To avoid being sensationalist, I will use the most conservative valuation metric available. The Shiller 10-year real P/E. It takes the last decade of operating earnings, and adjusts for inflation (CPI). Keep in mind that over the last decade, companies booked profits on many sorts of malinvestment like originating bad loans. That all gets counted under "normal operating revenues." But when the loans get written down, they are "one time charges" and therefore don't get counted.
Even using this valuation metric, it is apparent that stocks are at least 25% overvalued from their historical mean. If the economy is indeed in the early stages of a new business cycle as most suggest, then this overvaluation is unprecedented for that position. Valuations have always been much lower for the first few years of an economic expansion. The forward expectations for corporate profits to justify present valuations are out-of-this-world optimistic. David Rosenberg of Gluskin Sheff comments:
We should add here that on a Shiller real 10-year “normalized” earnings basis, the S&P 500 is now trading at 20x, which is 25% above the historical average of 16x. This is the same level of overvaluation heading into October 1987, though at the bubble peak in October 2007, the overvaluation gap was 70%. At the average of prior market peaks, the extent of the overvaluation is 50%. We are not saying that equities as an asset class is in a bubble but they certainly have moved to an overvalued extreme.

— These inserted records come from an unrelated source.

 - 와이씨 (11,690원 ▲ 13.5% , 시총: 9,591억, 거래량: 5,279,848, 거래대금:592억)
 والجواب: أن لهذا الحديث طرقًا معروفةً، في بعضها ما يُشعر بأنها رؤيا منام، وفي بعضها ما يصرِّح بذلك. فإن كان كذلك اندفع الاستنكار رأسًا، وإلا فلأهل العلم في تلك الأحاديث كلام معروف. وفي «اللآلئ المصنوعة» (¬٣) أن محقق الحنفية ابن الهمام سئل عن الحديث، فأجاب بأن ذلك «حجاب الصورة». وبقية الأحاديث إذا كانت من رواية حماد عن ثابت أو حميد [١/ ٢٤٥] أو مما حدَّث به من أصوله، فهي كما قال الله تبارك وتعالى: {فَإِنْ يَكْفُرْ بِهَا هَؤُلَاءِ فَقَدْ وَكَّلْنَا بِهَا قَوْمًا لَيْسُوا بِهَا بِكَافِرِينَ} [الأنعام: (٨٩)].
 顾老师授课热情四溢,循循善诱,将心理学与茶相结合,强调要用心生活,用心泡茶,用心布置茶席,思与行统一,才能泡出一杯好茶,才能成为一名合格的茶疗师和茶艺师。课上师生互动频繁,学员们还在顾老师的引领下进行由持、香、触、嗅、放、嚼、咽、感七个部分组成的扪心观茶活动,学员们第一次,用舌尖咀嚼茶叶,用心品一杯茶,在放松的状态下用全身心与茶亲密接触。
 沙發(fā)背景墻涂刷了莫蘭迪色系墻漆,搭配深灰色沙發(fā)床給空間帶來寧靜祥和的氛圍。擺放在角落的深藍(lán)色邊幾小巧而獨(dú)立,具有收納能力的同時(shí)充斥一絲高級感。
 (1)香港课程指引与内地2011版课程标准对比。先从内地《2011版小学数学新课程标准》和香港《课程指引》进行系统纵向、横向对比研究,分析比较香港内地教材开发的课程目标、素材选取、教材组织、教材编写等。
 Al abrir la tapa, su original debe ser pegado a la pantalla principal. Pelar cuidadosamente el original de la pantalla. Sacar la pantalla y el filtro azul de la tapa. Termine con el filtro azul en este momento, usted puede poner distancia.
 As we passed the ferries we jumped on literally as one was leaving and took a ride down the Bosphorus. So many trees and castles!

Moreover, as we have pointed out recently, what is “normal” is that every percentage point of nominal GDP growth translates into 2.5 percentage points of profits growth. Most economic forecasters see nominal GDP growth at 4% for this year. But strategists see, on average, 36% profit growth. But that 4% growth in nominal GDP is only enough to boost profits by 10%, if the normal relationship holds up. To see such low nominal growth and such strong profit growth is a 1-in-50 event. Maybe the economist and strategist at the Wall Street research houses should sit down with each other.

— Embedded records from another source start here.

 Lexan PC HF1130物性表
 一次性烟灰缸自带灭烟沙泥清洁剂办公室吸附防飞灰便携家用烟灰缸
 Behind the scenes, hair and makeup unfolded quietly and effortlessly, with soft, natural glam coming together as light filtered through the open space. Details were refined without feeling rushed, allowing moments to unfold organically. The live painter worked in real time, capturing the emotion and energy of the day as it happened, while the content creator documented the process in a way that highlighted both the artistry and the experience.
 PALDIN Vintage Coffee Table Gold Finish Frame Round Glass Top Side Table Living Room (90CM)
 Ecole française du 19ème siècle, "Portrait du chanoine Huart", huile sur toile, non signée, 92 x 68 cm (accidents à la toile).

Analysts are expecting $75+ in earnings for 2010. Based on those estimates, and today's current S&P 500 level of 1148, stocks are trading at a P/E of 15.3. That is considered "fair value." Unfortunately, analysts are a fairly rosy-eyed lot. Even last year they expected to see around $77 in earnings. All they got, even with phantom profits at big banks from accounting breaks, was mid-50s. Again, the rate of profit growth needed to achieve this feat is unprecedented. Readers are free to take those projections at face value. But given the track record of these analysts, one would be wise not to.
So my view is that equity markets will correct to valuation levels commensurate with a trough in economic growth. This is heavily dependent on the credit markets, which are the basis for these present overvaluations. If credit continues to contract, then the inflated earnings from previous credit expansions will prove even more elusive. I project trough "operating" earnings (in a period of contracting credit) somewhere between $38-48. If trough valuation levels are applied to this (6 or 7 in the chart above, but we'll use 10 to be conservative), one can expect the S&P to bottom somewhere between 400-500. How soon that occurs depends largely on the rate of credit contraction, and the amount of time it takes to deleverage the economy sufficiently so that growth can take root from more sustainable levels.
I fully expect that certain sectors of equities and perhaps even certain markets (like South America) have very likely already put in major bottoms. But all assets worldwide are credit sensitive, so a prolonged contraction could still have very noticeable effects on even those areas that are recovering.
Perhaps more than any other asset, residential and commercial real estate is dominated by credit availability. For centuries it has been a common rule of thumb that homebuyers are able to afford 3x their household incomes for the purchase of their primary residence. Banks would almost never lend more than this. But this all changed in the 80's. As quantitative finance and exotic mortgages became normal practice, justifications were found to lend up to 10x one's income for the purchase of a home.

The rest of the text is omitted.